- _Problem to work on_
Your task is to repeat the lines below exactly, excluding any pictures they contain.

- _Supplied material_

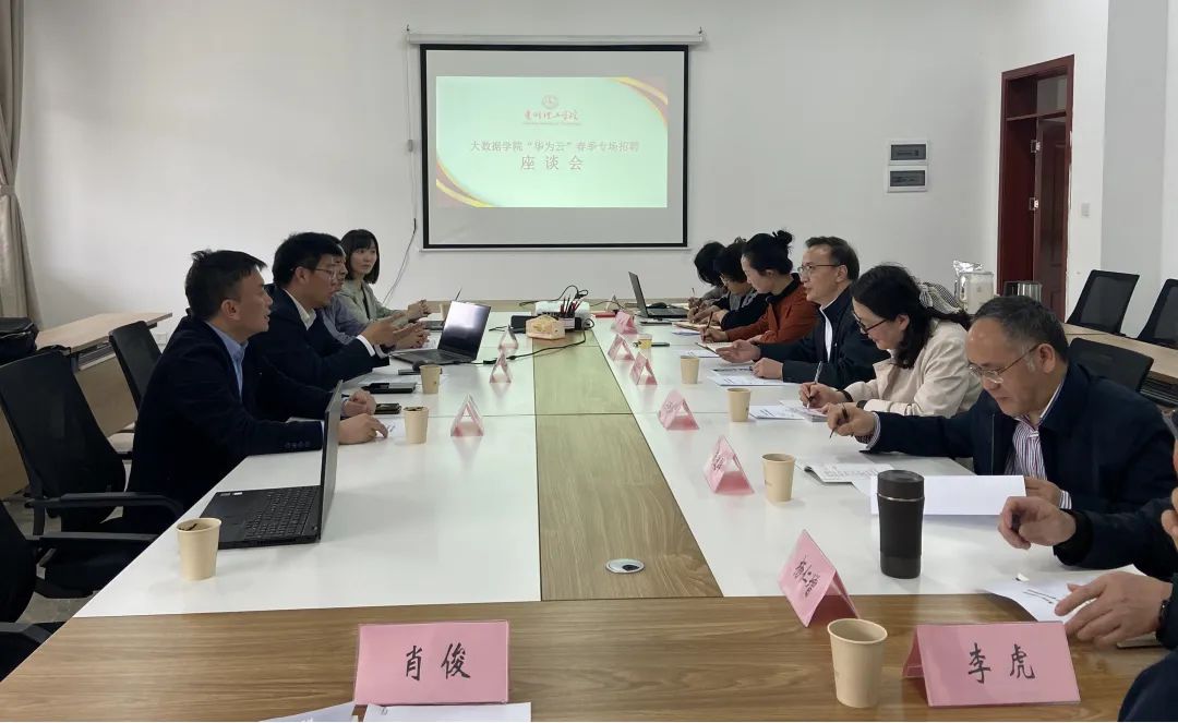本网讯(图/文 肖俊)2022年3月16日下午,大数据学院在贵安校区举办“华为云”理工专场招聘宣讲会。华为云中国区云业务部副总裁郭庆海、华为云计算贵州云业务部长吕河、华为云计算贵州云业务部HR张云峰等参加宣讲,并与贵州理工学院副校长张开智,教务处处长安艳玲、学院班子成员张艳、肖迎群、武斌、杨仁增等座谈交流。
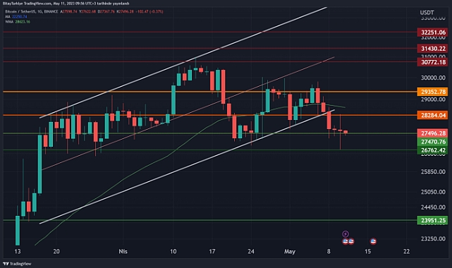 Bitcoin’de yaşanan dünkü yükselişi için makro ekonomik bir veri olan ABD enflasyonun açıklanmasını en önemli sebep olarak söyleyebiliriz. Geçmişte de Bitcoin fiyatına önemli etkileri olan ABD enflasyon verisi %5’lik beklentiye karşı %4,9 olarak açıklandı. Enflasyonda düşüş ivmesinin devam etmesi piyasalara moral getirdi. Bitcoin kısa sürede %3 civarı değer kazanarak 28.300$’a kadar yükseldi. Ancak bu seviyeleri koruyamayadı ve akşam saat 20.00 civarında olağan dışı bir fiyatlama görüldü. Çok kısa sürede Bitcoin 28.300$ seviyelerinden 1.500$ geri çekildi ve 26.800$’ı gördü. Ardından yine aynı hızla toparlandı ve 27.500$ bölgesinde konsolide oldu.Dünkü ani düşüşün sebebine gelecek olursak daha önce Mart ayında da gündeme gelen ABD hükümetinin çeşitli yollarla ele geçirdiği yüksek miktarda Bitcoin’leri sattığı yönünde yayılan FUD haberleri ve devamında telegram kanallarında bir kullanıcının paylaştığı, gerçekleştiği öne sürülen bir Bitcoin transfer mesajı oldu. Blok zinciri istihbarat ve analitik şirketi Arkham hesabına alarm kuran bir kullanıcı 270 milyon dolar değerindeki yaklaşık 10.000 Bitcoin’in satıldığını gösteren bir bildiri yayınladı. Bu bildiri ardından hızlıca FUD dediğimiz endişe ve paniğe sebep olarak piyasada ani bir satış baskısı getirdi. Daha sonra Arkham tarafından yapılan açıklamada bu etiketlemelerin şirket tarafından yapılmadığı ve ABD hükümetiyle ilişkili olan cüzdanlarda bir hareket olmadığı vurgulandı. Haberin yalanlanmasının ardından Bitcoin toparlanarak tekrardan 27.500$ bölgesine yükseldi ve yeni günde de bu seviyelerde fiyatlanarak başladı. Her ne kadar gerçek olmayan bir haber kaynaklı düşüş gerçekleşse de dün öğle saatlerinden sonra piyasada hakim olan olumlu havanın kaybolmuş olduğu görülüyor. Şu anca kırılgan bir bölgede fiyatlanan Bitcoin’in kısa vadede tekrardan 28.300$ bölgesinin üzerinde yer alması gerekiyor. Bu gelişmeler görülürken Ethereum ise 1835$ bölgesinde fiyatlanıyor. Yüksek dalgalanmaların etkisiyle kripto para piyasasında 24 saatlik hacim 50 milyar dolar bölgesi ile son günlere kıyasla yüksek bir seviyede gerçekleşti. Piyasanın toplam değeri ise 1,13 trilyon dolar ile son 1 haftadır yatay – negatif bir görünüm içerisinde. Altcoinlerde ise Bitcoin ve Ethereum’a kıyasla baskı devam ediyor. Bugün piyasalarda takip edilecek en önemli veri ise ABD üretici enflasyon verisi. Beklenenden düşük gelen bir veri düne benzer şekilde bir yükseliş havası yaratabilir. BİTCOİN TEKNİK ANALİZ ,Bitcoin, dün ABD’den gelen beklenti altı enflasyon verisiyle birlikte %3 civarında artışlar gösterse de dün akşam Türkiye saatiyle 20:05’te gelen yalan haber akışı %5’lik bir geri çekilmeyle 26.777$ seviyelerini test etmesine neden oldu. Yatırımcıda panik havası yaratan bu durumun ardından hızlı toparlanmalarla beraber Bitcoin, bu sabah saatlerinde 27.500$ seviyelerinde hareketlilik gösteriyor. Önemli bir destek seviyesi olan 27.470$ üzerine tutunmuş olması şimdilik pozitif; fakat olası bir geri çekilme halinde tekrar 27.470$ seviyesini test etmesini beklenebilir. Bu seviyenin kırılması halinde ise 26.760$ seviyesi oldukça kritik bir destek seviyesi olarak karşımıza çıkıyor. Fiyatlamaların olumluya dönmesi durumunda ise direnç seviyeleri olarak 28.274$ ve 29.352$ olarak karşılanabilir. ETHEREUM TEKNİK ANALİZ Ethereum dün yaşanan geri çekilme ile birlikte Mart ayından beri süren yükselen trend üzerindeki hareketine son verdi. Trendin kırılmasıyla birlikte bu sabah saatlerinde 1.830$ seviyelerinde hareketlilik gösteriyor. Ethereum’da yükseliş hareketliliğinin devam etmesi için trend çizgisinin üzerinde (1.845$) günlük kapanışlar yapması önemli olacaktır. 1.845$ üzerinde kalıcılık sağlaması halinde sırasıyla 1.885$ ve 1.941$ seviyeleri önemli direnç seviyeleri olarak karşılanabilir. Olası düşüş hareketinin devamı halinde ise 1.803$ ve 1.780$ seviyelerinin destek olarak çalışması beklenebilir.
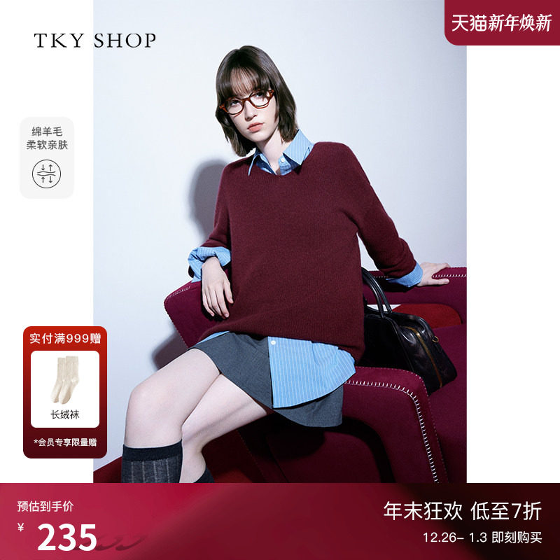TKY SHOP圆领羊毛衫女2025冬新款安可拉红毛衣慵懒高级感保暖上衣

- _Answer section_
本网讯(图/文 肖俊)2022年3月16日下午,大数据学院在贵安校区举办“华为云”理工专场招聘宣讲会。华为云中国区云业务部副总裁郭庆海、华为云计算贵州云业务部长吕河、华为云计算贵州云业务部HR张云峰等参加宣讲,并与贵州理工学院副校长张开智,教务处处长安艳玲、学院班子成员张艳、肖迎群、武斌、杨仁增等座谈交流。
 Bitcoin’de yaşanan dünkü yükselişi için makro ekonomik bir veri olan ABD enflasyonun açıklanmasını en önemli sebep olarak söyleyebiliriz. Geçmişte de Bitcoin fiyatına önemli etkileri olan ABD enflasyon verisi %5’lik beklentiye karşı %4,9 olarak açıklandı. Enflasyonda düşüş ivmesinin devam etmesi piyasalara moral getirdi. Bitcoin kısa sürede %3 civarı değer kazanarak 28.300$’a kadar yükseldi. Ancak bu seviyeleri koruyamayadı ve akşam saat 20.00 civarında olağan dışı bir fiyatlama görüldü. Çok kısa sürede Bitcoin 28.300$ seviyelerinden 1.500$ geri çekildi ve 26.800$’ı gördü. Ardından yine aynı hızla toparlandı ve 27.500$ bölgesinde konsolide oldu.Dünkü ani düşüşün sebebine gelecek olursak daha önce Mart ayında da gündeme gelen ABD hükümetinin çeşitli yollarla ele geçirdiği yüksek miktarda Bitcoin’leri sattığı yönünde yayılan FUD haberleri ve devamında telegram kanallarında bir kullanıcının paylaştığı, gerçekleştiği öne sürülen bir Bitcoin transfer mesajı oldu. Blok zinciri istihbarat ve analitik şirketi Arkham hesabına alarm kuran bir kullanıcı 270 milyon dolar değerindeki yaklaşık 10.000 Bitcoin’in satıldığını gösteren bir bildiri yayınladı. Bu bildiri ardından hızlıca FUD dediğimiz endişe ve paniğe sebep olarak piyasada ani bir satış baskısı getirdi. Daha sonra Arkham tarafından yapılan açıklamada bu etiketlemelerin şirket tarafından yapılmadığı ve ABD hükümetiyle ilişkili olan cüzdanlarda bir hareket olmadığı vurgulandı. Haberin yalanlanmasının ardından Bitcoin toparlanarak tekrardan 27.500$ bölgesine yükseldi ve yeni günde de bu seviyelerde fiyatlanarak başladı. Her ne kadar gerçek olmayan bir haber kaynaklı düşüş gerçekleşse de dün öğle saatlerinden sonra piyasada hakim olan olumlu havanın kaybolmuş olduğu görülüyor. Şu anca kırılgan bir bölgede fiyatlanan Bitcoin’in kısa vadede tekrardan 28.300$ bölgesinin üzerinde yer alması gerekiyor. Bu gelişmeler görülürken Ethereum ise 1835$ bölgesinde fiyatlanıyor. Yüksek dalgalanmaların etkisiyle kripto para piyasasında 24 saatlik hacim 50 milyar dolar bölgesi ile son günlere kıyasla yüksek bir seviyede gerçekleşti. Piyasanın toplam değeri ise 1,13 trilyon dolar ile son 1 haftadır yatay – negatif bir görünüm içerisinde. Altcoinlerde ise Bitcoin ve Ethereum’a kıyasla baskı devam ediyor. Bugün piyasalarda takip edilecek en önemli veri ise ABD üretici enflasyon verisi. Beklenenden düşük gelen bir veri düne benzer şekilde bir yükseliş havası yaratabilir. BİTCOİN TEKNİK ANALİZ ,Bitcoin, dün ABD’den gelen beklenti altı enflasyon verisiyle birlikte %3 civarında artışlar gösterse de dün akşam Türkiye saatiyle 20:05’te gelen yalan haber akışı %5’lik bir geri çekilmeyle 26.777$ seviyelerini test etmesine neden oldu. Yatırımcıda panik havası yaratan bu durumun ardından hızlı toparlanmalarla beraber Bitcoin, bu sabah saatlerinde 27.500$ seviyelerinde hareketlilik gösteriyor. Önemli bir destek seviyesi olan 27.470$ üzerine tutunmuş olması şimdilik pozitif; fakat olası bir geri çekilme halinde tekrar 27.470$ seviyesini test etmesini beklenebilir. Bu seviyenin kırılması halinde ise 26.760$ seviyesi oldukça kritik bir destek seviyesi olarak karşımıza çıkıyor. Fiyatlamaların olumluya dönmesi durumunda ise direnç seviyeleri olarak 28.274$ ve 29.352$ olarak karşılanabilir. ETHEREUM TEKNİK ANALİZ Ethereum dün yaşanan geri çekilme ile birlikte Mart ayından beri süren yükselen trend üzerindeki hareketine son verdi. Trendin kırılmasıyla birlikte bu sabah saatlerinde 1.830$ seviyelerinde hareketlilik gösteriyor. Ethereum’da yükseliş hareketliliğinin devam etmesi için trend çizgisinin üzerinde (1.845$) günlük kapanışlar yapması önemli olacaktır. 1.845$ üzerinde kalıcılık sağlaması halinde sırasıyla 1.885$ ve 1.941$ seviyeleri önemli direnç seviyeleri olarak karşılanabilir. Olası düşüş hareketinin devamı halinde ise 1.803$ ve 1.780$ seviyelerinin destek olarak çalışması beklenebilir.
TKY SHOP圆领羊毛衫女2025冬新款安可拉红毛衣慵懒高级感保暖上衣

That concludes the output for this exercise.